▸ **WHAT TO DO**: Nothing in the listing should be altered when it is copied, and no picture goes into the copy.

▸ **DATASET CONTENT**:
==*==
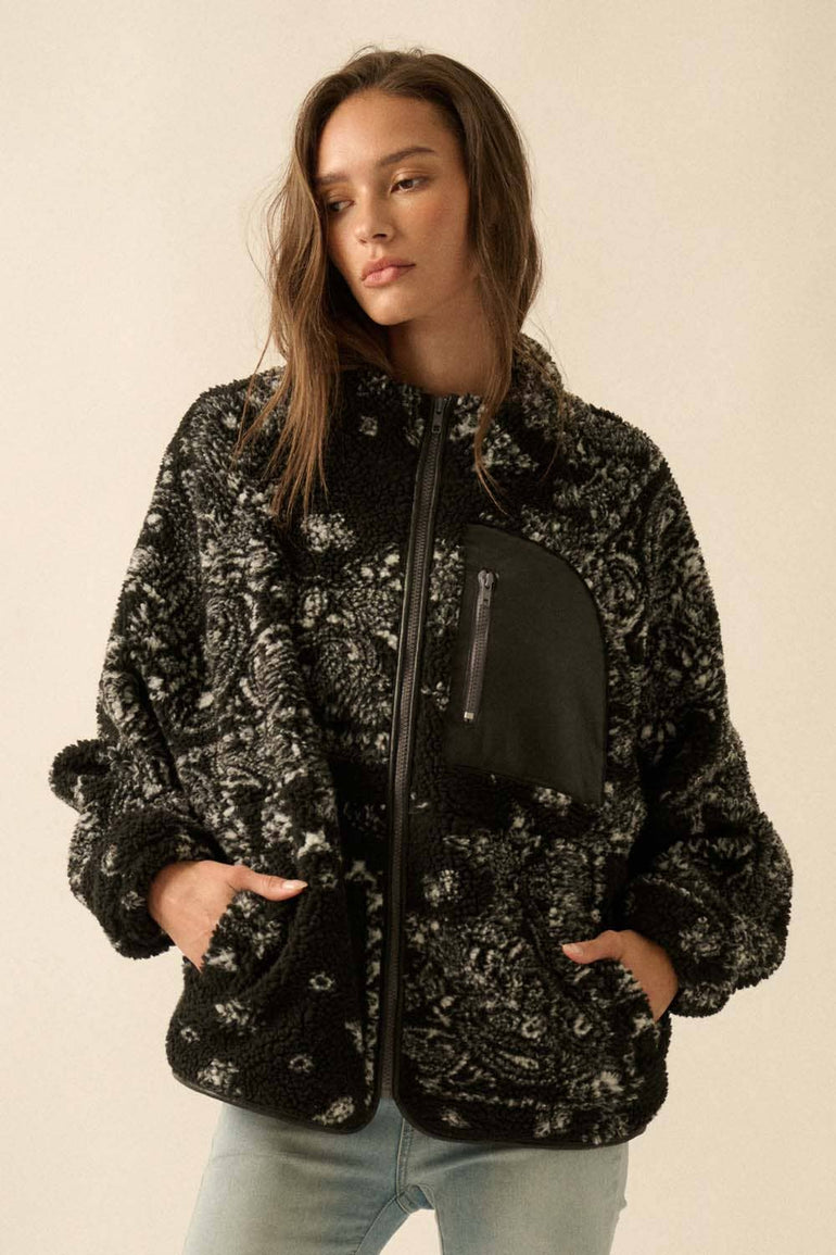 Paisley-Print Sherpa Fleece Zip-Up Pocket Jacket
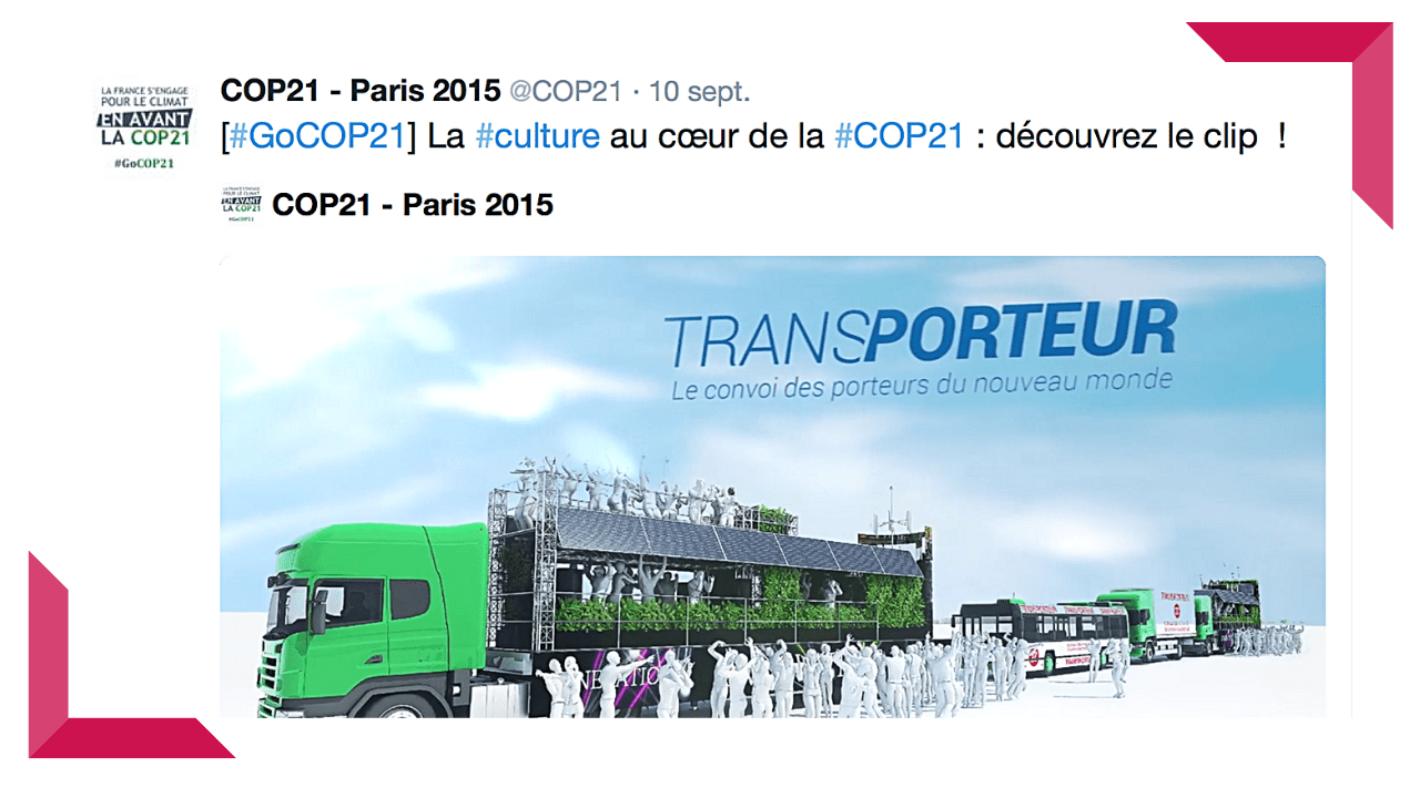 Ce dispositif Trans-Porteur a suscité un tel engouement que le Secrétariat général de la COP21 et la Ville de Paris l’ont labellisé partenaire officiel.
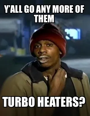 Create Y’all go any more of them Turbo heaters? Meme
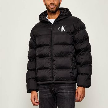 Calvin Klein Jeans Men’s Black Printed Turtleneck Hooded Jacket
==*==
▸ **SOLUTION TO THIS TASK**:
 Paisley-Print Sherpa Fleece Zip-Up Pocket Jacket
 Ce dispositif Trans-Porteur a suscité un tel engouement que le Secrétariat général de la COP21 et la Ville de Paris l’ont labellisé partenaire officiel.
 Create Y’all go any more of them Turbo heaters? Meme
 Calvin Klein Jeans Men’s Black Printed Turtleneck Hooded Jacket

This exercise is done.